The NAR reports Existing-Home Sales Increase 0.8% in May

Six Key Highlights

  • Existing-home sales rose 0.8 percent in May to a seasonally adjusted annual rate of 4.03 million.
  • Sales are down 0.7 percent from one year ago.
  • The median existing-home sales price climbed 1.3 percent from May 2024 to $422,800, an all-time high for the month of May and the 23st consecutive month of year-over-year price increases.
  • The inventory of unsold existing homes jumped 6.2 percent from the previous month to 1.54 million at the end of May
  • Supply is 4.6 months at the current monthly sales pace.
  • Sales are down 36.4 percent from the cycle high of 6.34 million in January of 2022.

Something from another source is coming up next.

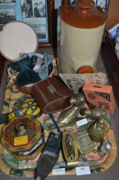 Tray Lot of Collectibles Including Costume Jewellery, Bow Ties, Decorative Brassware, etc.

NAR Chief Economist, Lawrence Yun, notes “”The relatively subdued sales are largely due to persistently high mortgage rates. Lower interest rates will attract more buyers and sellers to the housing market. Increasing participation in the housing market will increase the mobility of the workforce and drive economic growth. If mortgage rates decrease in the second half of this year, expect home sales across the country to increase due to strong income growth, healthy inventory, and a record-high number of jobs.”

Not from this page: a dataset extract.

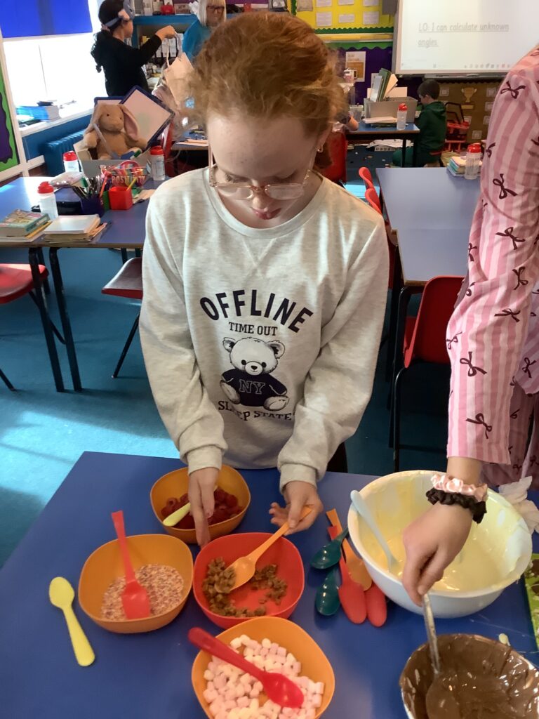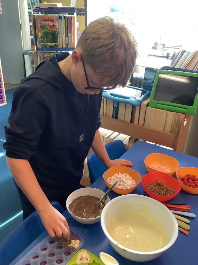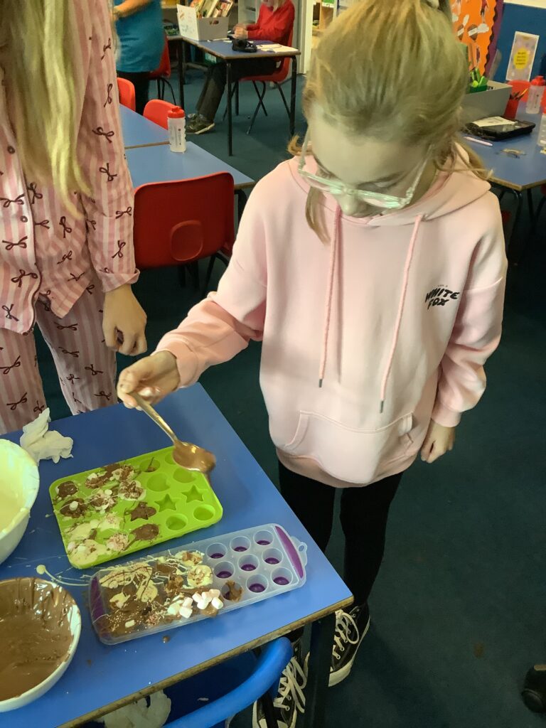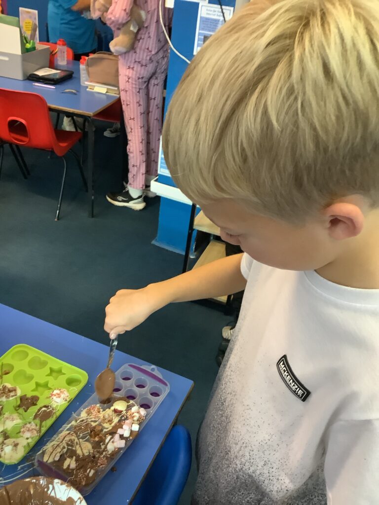 In DT we have designed and made our very own chocolate bar. We thought carefully about the ingredients we would like to include. We then melted the chocolate carefully and added in all the lovely ingredients before popping them in the fridge. We are excited to eat them!

These cheerleaders never discuss recession.

Factor in mortgage rates near 7 percent, a slowing economy, and massive tariff uncertainty. Housing is going nowhere until prices collapse and mortgage rates come down.

Yun cannot say that, so he sings the same happy tune for years.

The best thing the NAR has going for it is rising inventory that will eventually pressure prices. But homes are light years away from being affordable.

Existing-Home Sales Percent Change from Month Ago

Existing-Home Sales Percent Change from Year Ago

Year-over-year comparisons are now pretty easy so we may see more meanderings above the zero line if sales hold at these levels and especially if they advance.

Existing-Home Sales Supply

Data that is allegedly seasonally adjusted sure does not look like it.

Regardless inventory is building and that will eventually pressure prices and likely is already.

Median sales price is not the best metric. Case-Shiller home prices, a measure of repeat sales over time, is the best measure but it lags by about 4 months. Case-Shiller reports tomorrow.